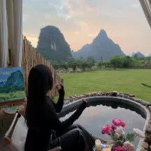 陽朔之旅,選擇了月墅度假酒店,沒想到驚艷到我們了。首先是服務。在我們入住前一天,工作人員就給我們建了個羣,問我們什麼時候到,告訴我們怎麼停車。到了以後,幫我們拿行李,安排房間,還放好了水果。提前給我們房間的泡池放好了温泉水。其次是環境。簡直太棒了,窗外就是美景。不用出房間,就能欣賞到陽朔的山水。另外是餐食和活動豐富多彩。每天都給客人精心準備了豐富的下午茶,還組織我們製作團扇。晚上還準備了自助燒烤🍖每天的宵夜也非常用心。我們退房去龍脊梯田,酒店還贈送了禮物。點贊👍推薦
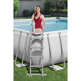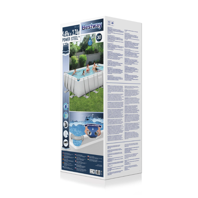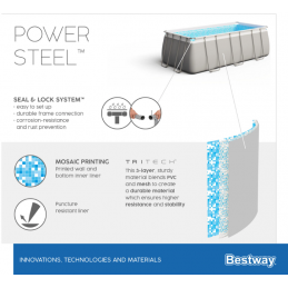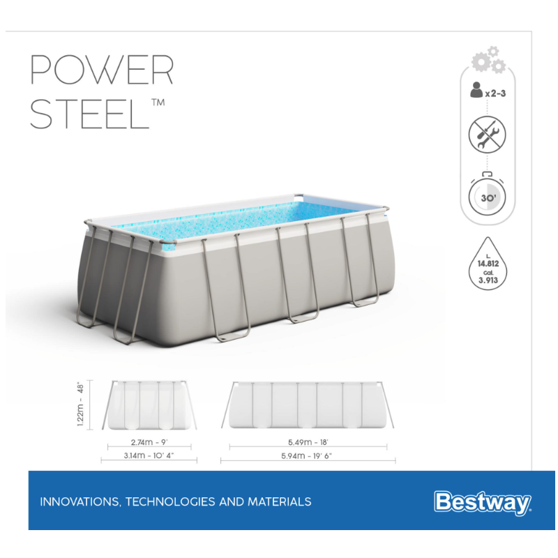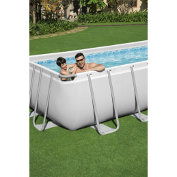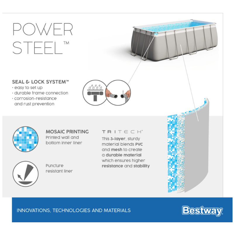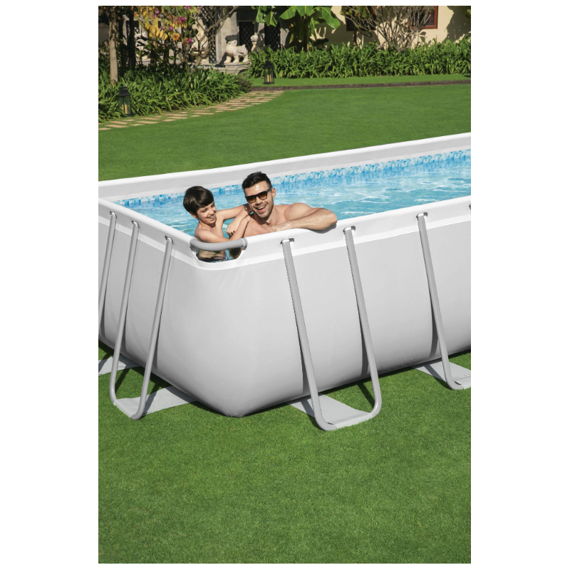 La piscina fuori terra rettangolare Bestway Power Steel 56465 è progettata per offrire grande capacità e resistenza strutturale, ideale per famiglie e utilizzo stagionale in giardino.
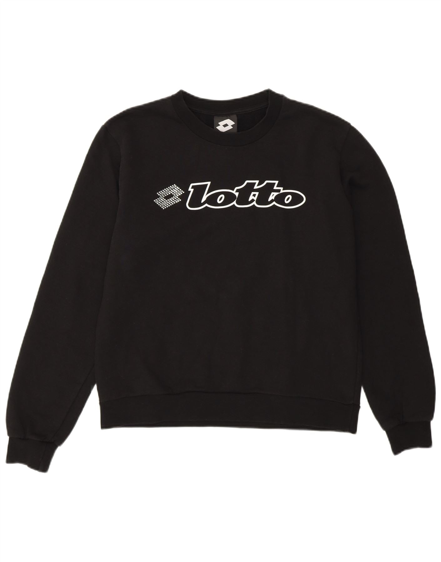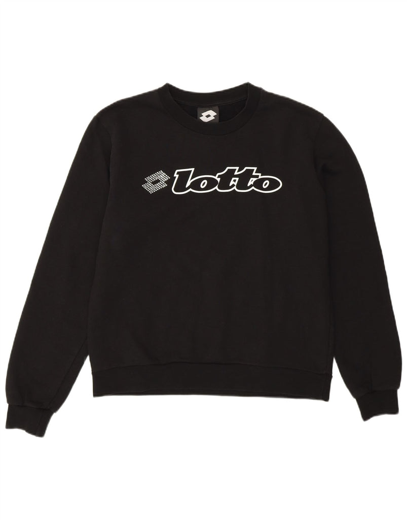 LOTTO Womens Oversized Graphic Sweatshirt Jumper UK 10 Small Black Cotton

------------------------------------

- [Task brief] With the pictures omitted, give every line above again exactly.

- [Reply to the exercise]
 陽朔之旅,選擇了月墅度假酒店,沒想到驚艷到我們了。首先是服務。在我們入住前一天,工作人員就給我們建了個羣,問我們什麼時候到,告訴我們怎麼停車。到了以後,幫我們拿行李,安排房間,還放好了水果。提前給我們房間的泡池放好了温泉水。其次是環境。簡直太棒了,窗外就是美景。不用出房間,就能欣賞到陽朔的山水。另外是餐食和活動豐富多彩。每天都給客人精心準備了豐富的下午茶,還組織我們製作團扇。晚上還準備了自助燒烤🍖每天的宵夜也非常用心。我們退房去龍脊梯田,酒店還贈送了禮物。點贊👍推薦
 La piscina fuori terra rettangolare Bestway Power Steel 56465 è progettata per offrire grande capacità e resistenza strutturale, ideale per famiglie e utilizzo stagionale in giardino.
 LOTTO Womens Oversized Graphic Sweatshirt Jumper UK 10 Small Black Cotton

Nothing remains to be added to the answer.